Task item
Copy each line of the records exactly, stopping only after the line that contains "Water, whole milk" has been written, and leave pictures out.

(Data supplied Opens)

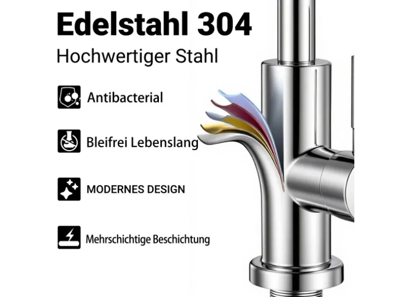 Material & Bauweise: Aus 304 Edelstahl, einlochige Armatur mit einem Griff.
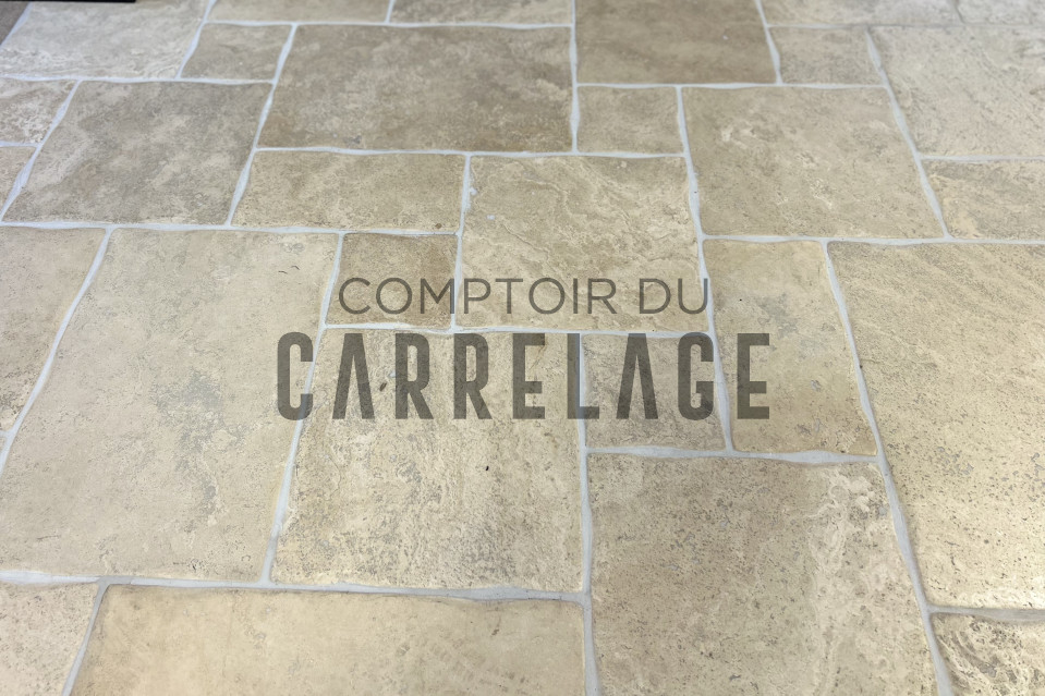 Travertin wave light en Opus 4 formats à bords non droits légèrement ondulés, finition antique.
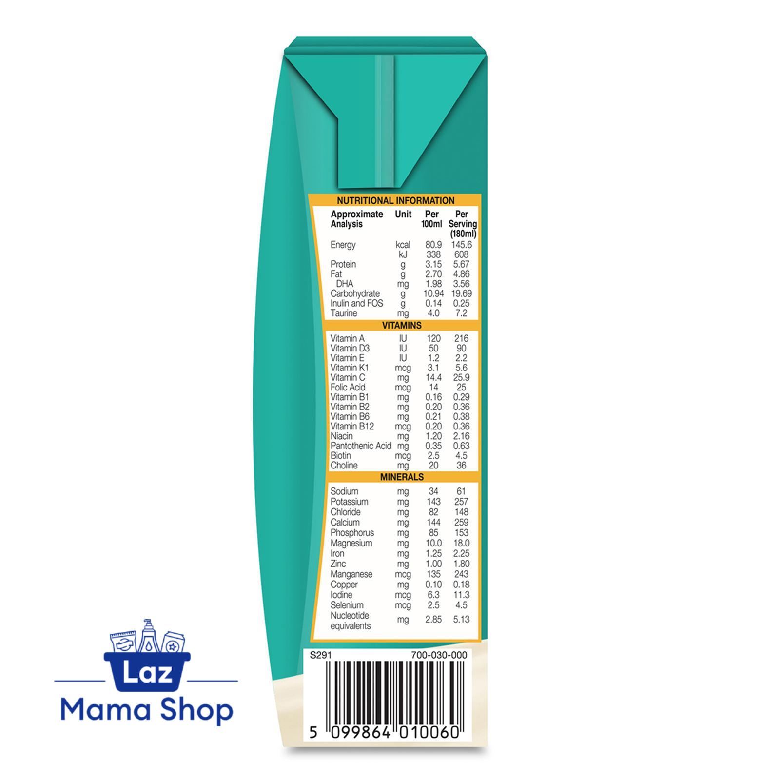 Water, whole milk solids, sucrose, skim milk solids, corn syrup solids, lactose, blend of inulin and fructooligosaccharides, MINERALS (calcium carbonate, potassium citrate, ferrous sulfate, zinc sulfate, manganese sulfate, copper sulfate, sodium selenate), cellulose gel, VITAMINS (sodium ascorbate, ascorbic acid, choline bitartrate, Vitamin E acetate, niacinamide, Vitamin D3, Vitamin A acetate, thiamin hydrochloride, pyridoxine hydrochloride, calcium pantothenate, riboflavin, folic acid, Vitamin K1, d-biotin), artificial flavor, cellulose gum, carrageenan, soy lecithin, gellan gum, taurine, docosahexaenoic acid (DHA) from C. cohnii. May contain potassium hydroxide.
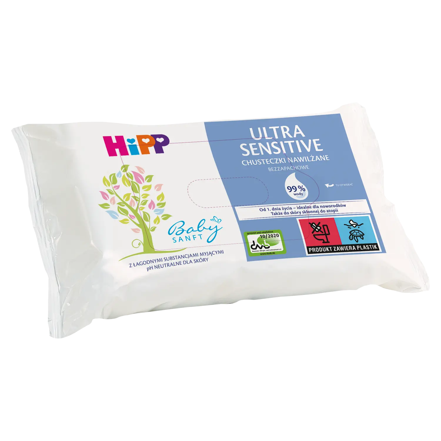 Влажные салфетки HiPP Babysanft 99% воды__ Изготовлены из нежных волокон с очень тонкой структурой. Благодаря исключительной мягкости и повышенной впитывающей способности салфетки очень тщательно очищают кожу ребенка - без необходимости прижимать их к коже. Они не оставляют волокон на коже._Чрезвычайно благоприятны для кожи: пропитаны нежной жидкостью, содержащей 99% воды - идеально подходят для очищения гиперчувствительной кожи, склонной к атопии._Безвредны для глаз - протестированы офтальмологами. С первого дня жизни._Салфетки можно легко вынимать из упаковки одну за другой.__Разработаны для минимизации риска аллергии._- без парафина_- без ароматизаторов_- без эфирного масла_- без спирта_- без мыла_- без красителей_- без феноксиэтанола_- без парабенов_- без силиконов_- без сырья животного происхождения.__ рН нейтральный для кожи. Отбелено без использования хлора._Полный уход за чувствительной кожей.__Для бережного очищения_- лицо_- руки_- низ
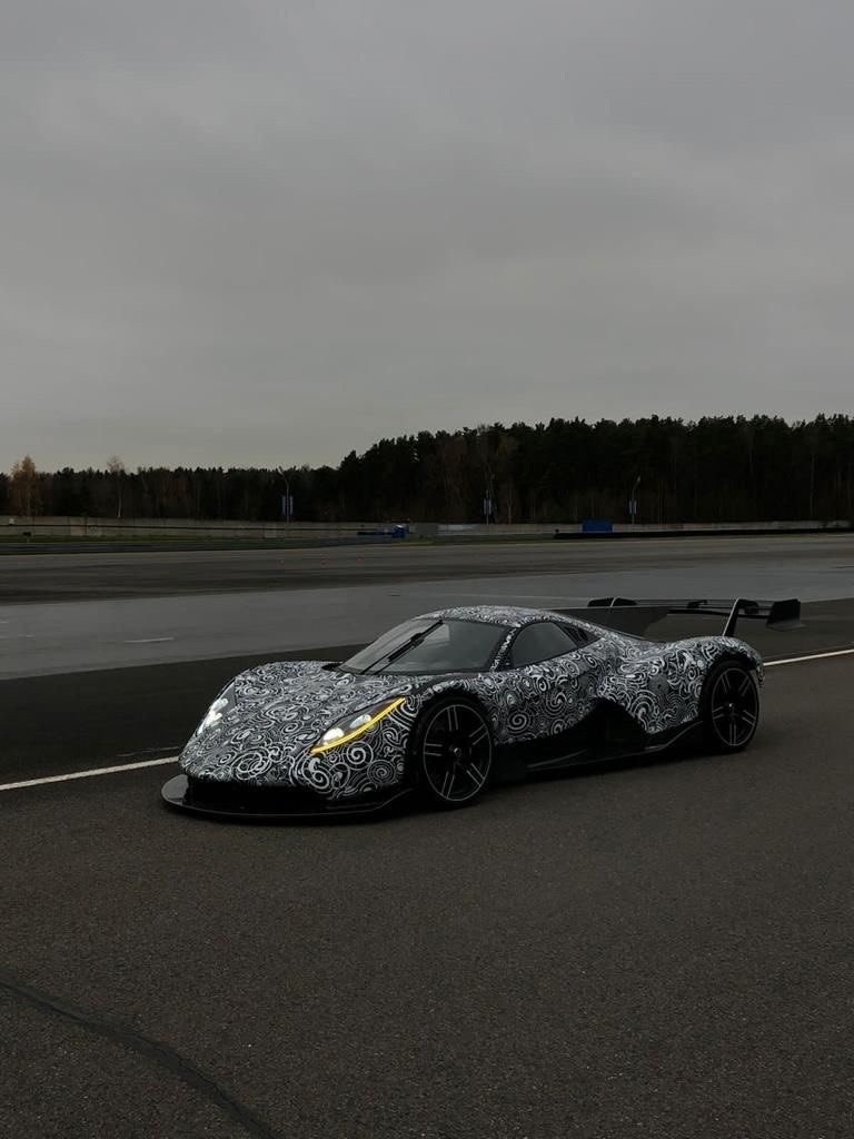Появились первые фотографии нового российского суперкара. На снимках можно увидеть купе с агрессивным обвесом и необычными дверями.

(Data supplied Closes)

Response area
 Material & Bauweise: Aus 304 Edelstahl, einlochige Armatur mit einem Griff.
 Travertin wave light en Opus 4 formats à bords non droits légèrement ondulés, finition antique.
 Water, whole milk solids, sucrose, skim milk solids, corn syrup solids, lactose, blend of inulin and fructooligosaccharides, MINERALS (calcium carbonate, potassium citrate, ferrous sulfate, zinc sulfate, manganese sulfate, copper sulfate, sodium selenate), cellulose gel, VITAMINS (sodium ascorbate, ascorbic acid, choline bitartrate, Vitamin E acetate, niacinamide, Vitamin D3, Vitamin A acetate, thiamin hydrochloride, pyridoxine hydrochloride, calcium pantothenate, riboflavin, folic acid, Vitamin K1, d-biotin), artificial flavor, cellulose gum, carrageenan, soy lecithin, gellan gum, taurine, docosahexaenoic acid (DHA) from C. cohnii. May contain potassium hydroxide.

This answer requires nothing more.